Django default settings convention for pluggable app?

you can use django-zero-settings which lets you define your defaults and a setting key for user settings to auto-override defaults, has auto-import strings, removed settings management, cache, pre-checks, etc.

to create app settings like your example:

from zero_settings import ZeroSettings

app_settings = ZeroSettings(
    key="APP",
    defaults={
        "FOO": "bar"
    },
)

then you can use it like:

from app.settings import app_settings

print(app_settings.FOO)  # which prints bar

user settings will auto override defaults, like:

# this is settings.py, Django settings file
SECRET_KEY = "some_key"
# other settings ...
# the key `APP` is same key arg for ZeroSettings
APP = {
    "FOO": "not_bar"
}

and then:

from app.settings import app_settings

print(app_settings.FOO)  # this time you get not_bar

How about this?

In myapp/settings.py:

from django.conf import settings

FOO = 'bar'
BAR = 'baz'

_g = globals()
for key, value in _g.items():
    _g[key] = getattr(settings, key, value)

In myapp/other.py:

import myapp.settings

print myapp.settings.FOO

Given this answer by ncoghlan, I feel ok using globals() this way.

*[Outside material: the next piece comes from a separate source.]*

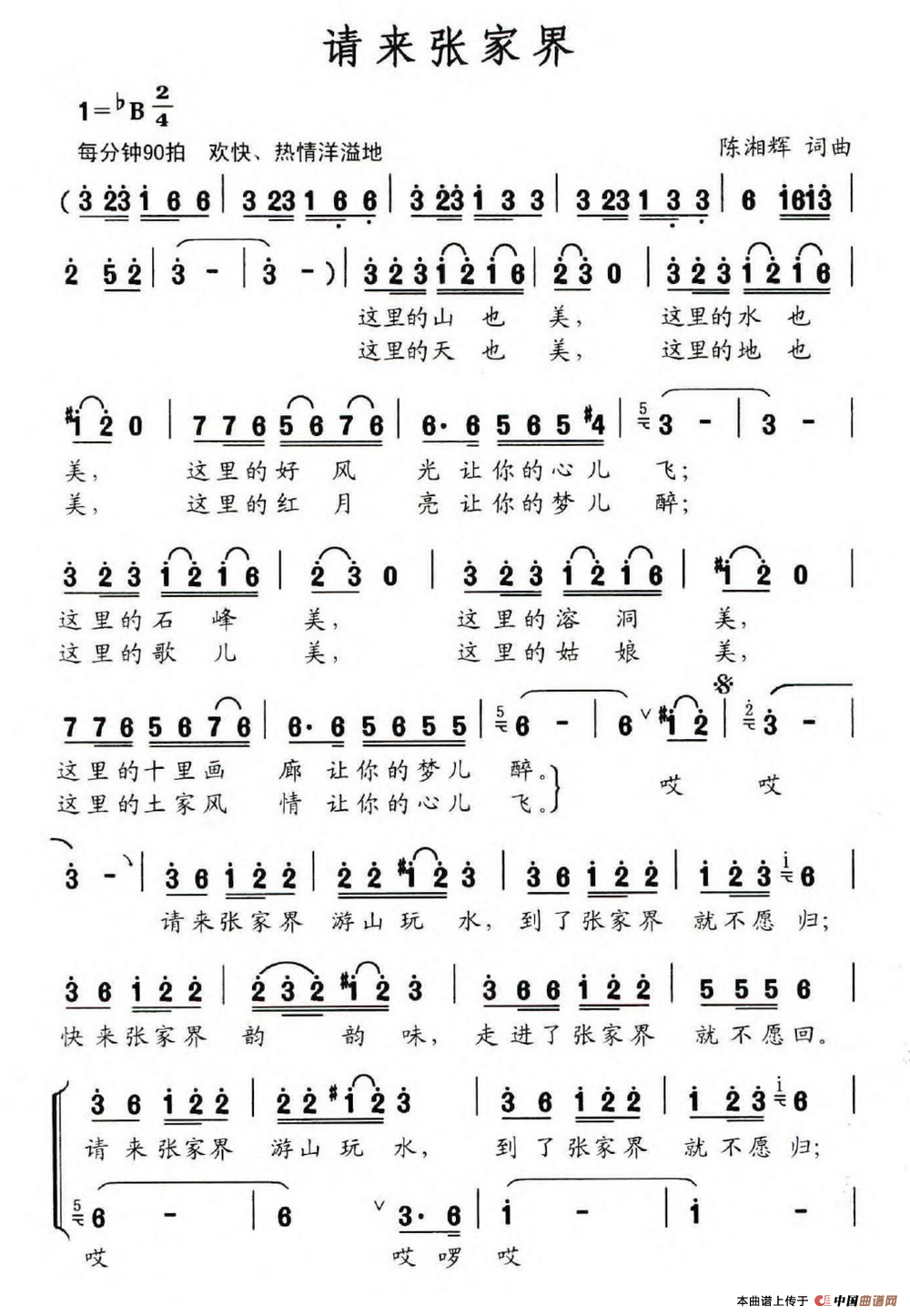 关于《请来张家界》曲谱的评论

I think it's quite common to create a settings.py in your app's package, where you define your settings like this:

from django.conf import settings
FOO = getattr(settings, 'FOO', "default_value")

In your app you can import them from your app's settings module:

from myapp.settings import *

def print_foo():
    print FOO

But I think everybody agrees that Django is lacking a better generic architecture for this! If you're looking for a more sophisticated way to handle this, there are some third party apps for this like django-appconf, but it's your decision if you want to introduce one more dependency for your app or not!

Updated for 2020

In settings.py, put settings.* before the property.

from django.conf import settings
settings.FOO = getattr(settings, 'FOO', "default_value")

It seems that every solution I see there tends to create an internal copy of application settings, proxy, wrap or whatever. This is confusing and creates problems when settings are modified in run time like they do in tests.

To me all settings belong in django.conf.settings and only there. You should not read them from somewhere else nor copy it for later use (as they may change). You should set them once and don't bother about defaults later on.

I understand the impulse to drop the app prefix when app setting is used internally, but this also is IMHO a bad idea. When in trouble looking for SOME_APP_FOO will not yield results, as it's used just as FOO internally. Confusing right? And for what, few letters? Remember that explicit is better?

IMHO the best way is to just set those defaults in Django's own settings, and why don't use piping that is already there? No module import hooks or hijacking models.py being always imported to initialize some extra and complicated meta class piping.

Why not use AppConfig.ready for setting defaults?

class FooBarConfig(AppConfig):
    name = 'foo_bar'

    def ready(self):
        from django.conf import settings
        settings = settings._wrapped.__dict__
        settings.setdefault('FOO_BAR_SETTING', 'whatever')

Or better yet define them in clean simple way in a separate module and import them as (or close to how) Settings class does it:

class FooBarConfig(AppConfig):
    name = 'foo_bar'

    def ready(self):
        from . import app_settings as defaults
        from django.conf import settings
        for name in dir(defaults):
            if name.isupper() and not hasattr(settings, name):
                setattr(settings, name, getattr(defaults, name))

I'm not sure use of __dict__ is the best solution, but you get the idea, you can always user hasattr/setattr combo to get the efect.

This way your app settings are:

  1. exposed to others — if they should rely on them in some rare cases, if of course apps are configured in order rely on each other
  2. read normally as any other setting
  3. nicely declared in their own module
  4. lazy enough
  5. controlled how they're are set in django.conf.settings — you can implement some transposition of names if you want to

PS. There is a warning about not modifying settings in run time but it does not explain why. So I think this one time, during initialization may be a reasonable exception ;)

PS2. Don't name the separate module just settings as this may get confusing when you import settings from django.conf.